RenderOcc
RenderOcc copied to clipboard
How to use `camera_mask` during training?
Hi, when attempting to train RenderOcc using camera_mask, my results can only reach a maximum mIoU of $30.53$, instead of the $40-50$ reported by UniOcc. Could you please share how you used camera_mask for training?
Currently my approach is:
def loss_3d(self, voxel_semantics, camera_mask, density_prob, semantic):
voxel_semantics=voxel_semantics.long()
voxel_semantics=voxel_semantics.reshape(-1)
density_prob=density_prob.reshape(-1, 2)
semantic = semantic.reshape(-1, self.num_classes-1)
density_target = (voxel_semantics==17).long()
semantic_mask = voxel_semantics!=17
camera_mask = camera_mask.reshape(-1)
density_prob = density_prob[camera_mask]
density_target = density_target[camera_mask]
valid_mask = torch.logical_and(semantic_mask, camera_mask)
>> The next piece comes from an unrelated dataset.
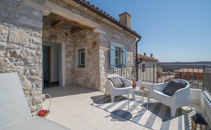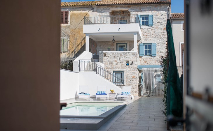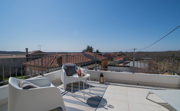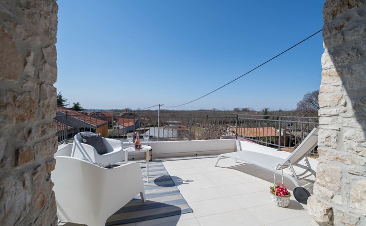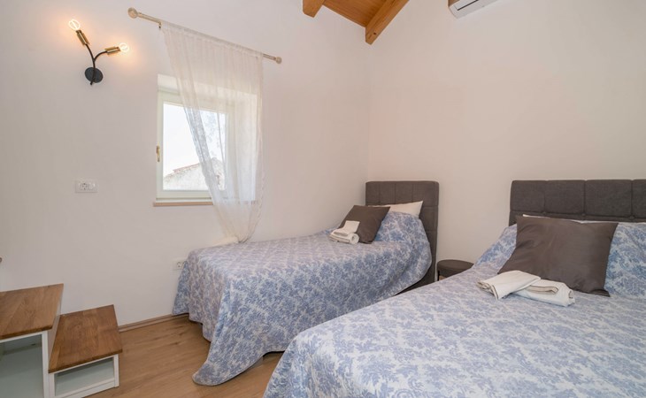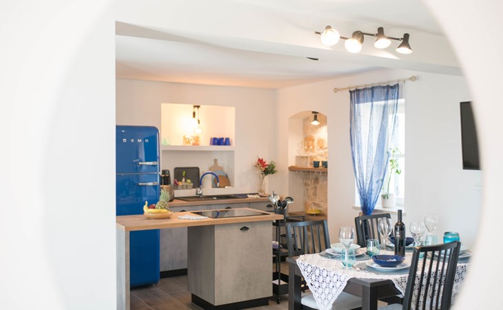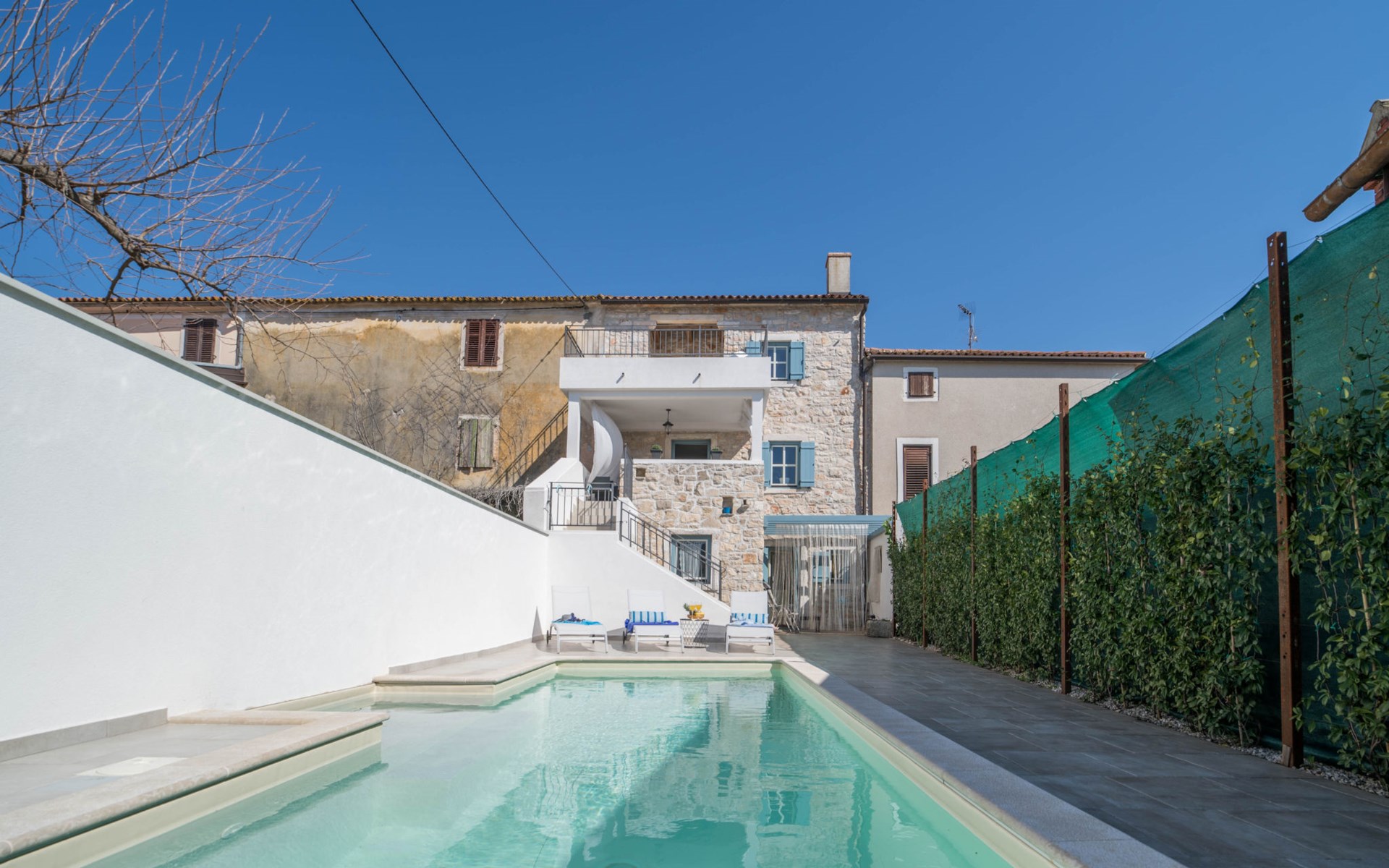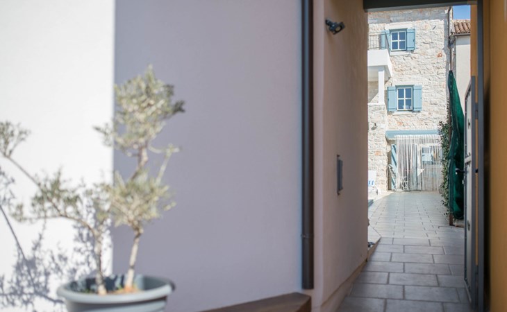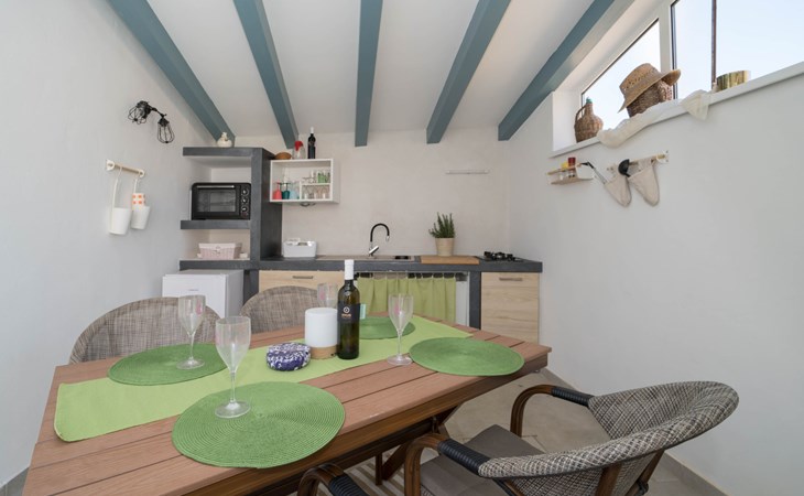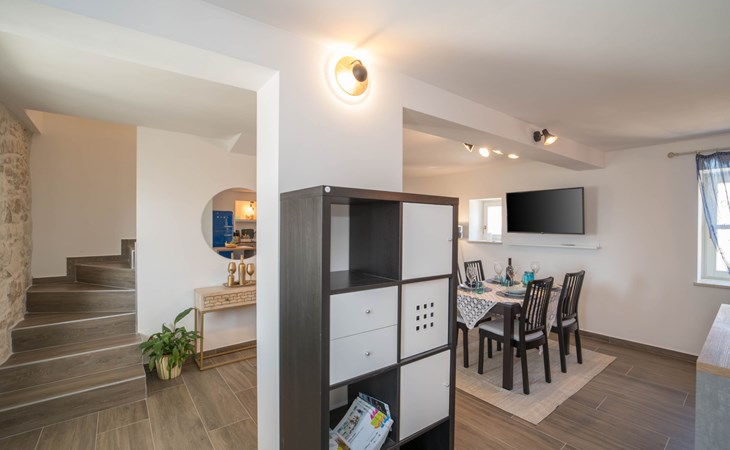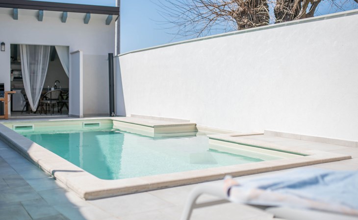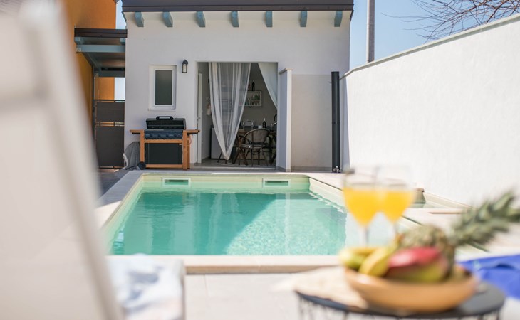 Terraced house "Villa Caterina", 2 storeys, renovated in 2022. In the hamlet Fiorini 8 km from the centre of Novigrad, in a sunny position, 2 km from the sea, 2 km from the beach, in a cul-de-sac. Private: property 200 m2 (fenced), swimming pool angular (15 m2, depth 140 cm, seasonal availability: 01.May. - 30.Sep.). Outdoor shower. In the house: internet access, washing machine. Parking (for 2 cars) at the house on the premises. Shop 6 km, restaurant 50 m, bus stop 2.4 km, pebble beach 2 km, rocky beach 2 km. Walking paths from the house 50 m, cycle lane 100 m, children's playground 200 m. Please note: the owner lives in the same residence. The owner is at guests' disposal for pool cleaning and property maintenance. Private: outdoor kitchen (2 hot plates, oven, microwave, fridge). Organizing a party is not allowed. Swimming pool heated (extra).

voxel_semantics = voxel_semantics[valid_mask]
semantic = semantic[valid_mask]
# compute loss
loss_geo=self.loss_occ(density_prob, density_target)
loss_sem = self.semantic_loss(semantic, voxel_semantics.long())
loss_ = dict()
loss_['loss_3d_geo'] = loss_geo
loss_['loss_3d_sem'] = loss_sem
return loss_